• **What is needed**: From the line with "Season Football Jersey" to the line with "図書館ライブ!Vol.19 図書館×演劇同好会「夏の終わりの恐怖朗読劇」のご案内 2024年09月02日(月)", retype every line exactly, including those two, and leave out the rest of the data below.

• **The records**:
......

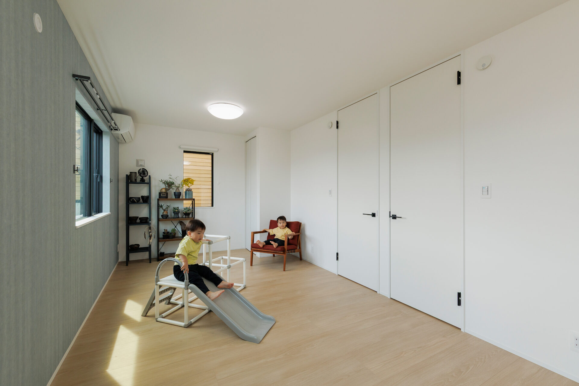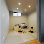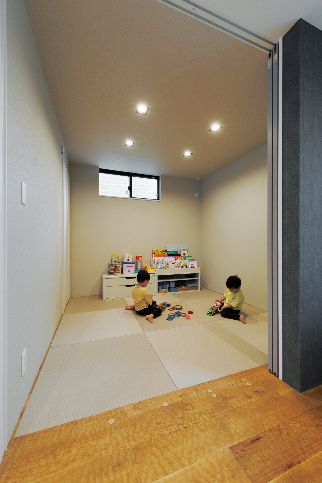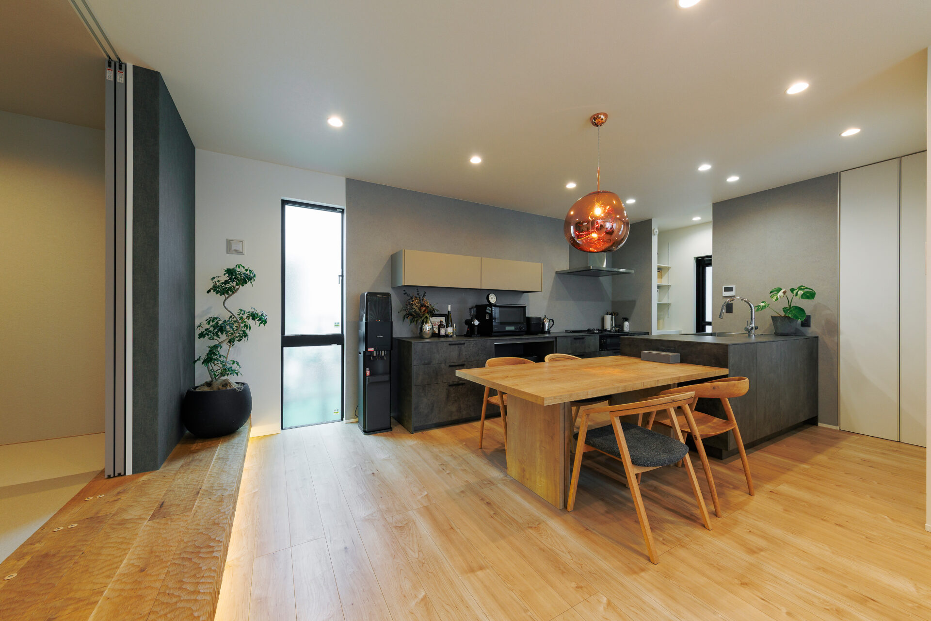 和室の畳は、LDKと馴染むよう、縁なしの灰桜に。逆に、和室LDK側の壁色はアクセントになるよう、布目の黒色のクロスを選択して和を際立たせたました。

......

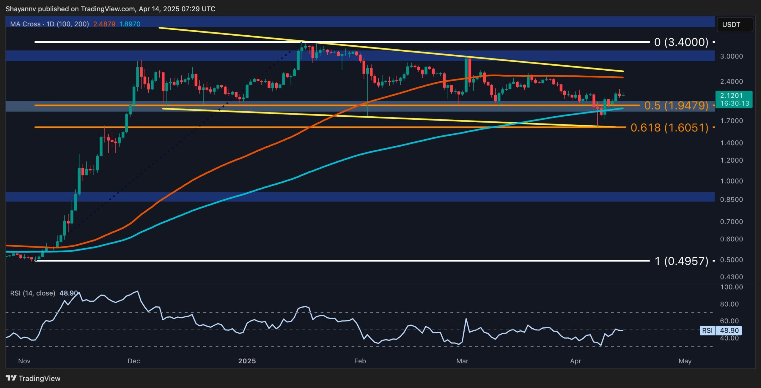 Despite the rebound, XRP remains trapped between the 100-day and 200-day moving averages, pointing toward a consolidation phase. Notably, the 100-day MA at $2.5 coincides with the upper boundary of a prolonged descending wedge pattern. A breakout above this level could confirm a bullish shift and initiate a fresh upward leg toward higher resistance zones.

......

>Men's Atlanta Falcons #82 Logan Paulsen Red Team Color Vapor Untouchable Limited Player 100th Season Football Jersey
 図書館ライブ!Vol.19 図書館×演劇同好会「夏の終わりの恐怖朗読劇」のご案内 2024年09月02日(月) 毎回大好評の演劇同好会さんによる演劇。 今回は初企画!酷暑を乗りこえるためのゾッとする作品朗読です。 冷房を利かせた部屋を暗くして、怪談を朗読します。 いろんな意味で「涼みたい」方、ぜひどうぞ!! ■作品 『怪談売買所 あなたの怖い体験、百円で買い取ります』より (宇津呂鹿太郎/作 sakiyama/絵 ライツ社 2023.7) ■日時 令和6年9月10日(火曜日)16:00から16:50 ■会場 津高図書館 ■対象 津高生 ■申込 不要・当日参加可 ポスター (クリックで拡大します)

......

• **Task answer**:
>Men's Atlanta Falcons #82 Logan Paulsen Red Team Color Vapor Untouchable Limited Player 100th Season Football Jersey
 図書館ライブ!Vol.19 図書館×演劇同好会「夏の終わりの恐怖朗読劇」のご案内 2024年09月02日(月) 毎回大好評の演劇同好会さんによる演劇。 今回は初企画!酷暑を乗りこえるためのゾッとする作品朗読です。 冷房を利かせた部屋を暗くして、怪談を朗読します。 いろんな意味で「涼みたい」方、ぜひどうぞ!! ■作品 『怪談売買所 あなたの怖い体験、百円で買い取ります』より (宇津呂鹿太郎/作 sakiyama/絵 ライツ社 2023.7) ■日時 令和6年9月10日(火曜日)16:00から16:50 ■会場 津高図書館 ■対象 津高生 ■申込 不要・当日参加可 ポスター (クリックで拡大します)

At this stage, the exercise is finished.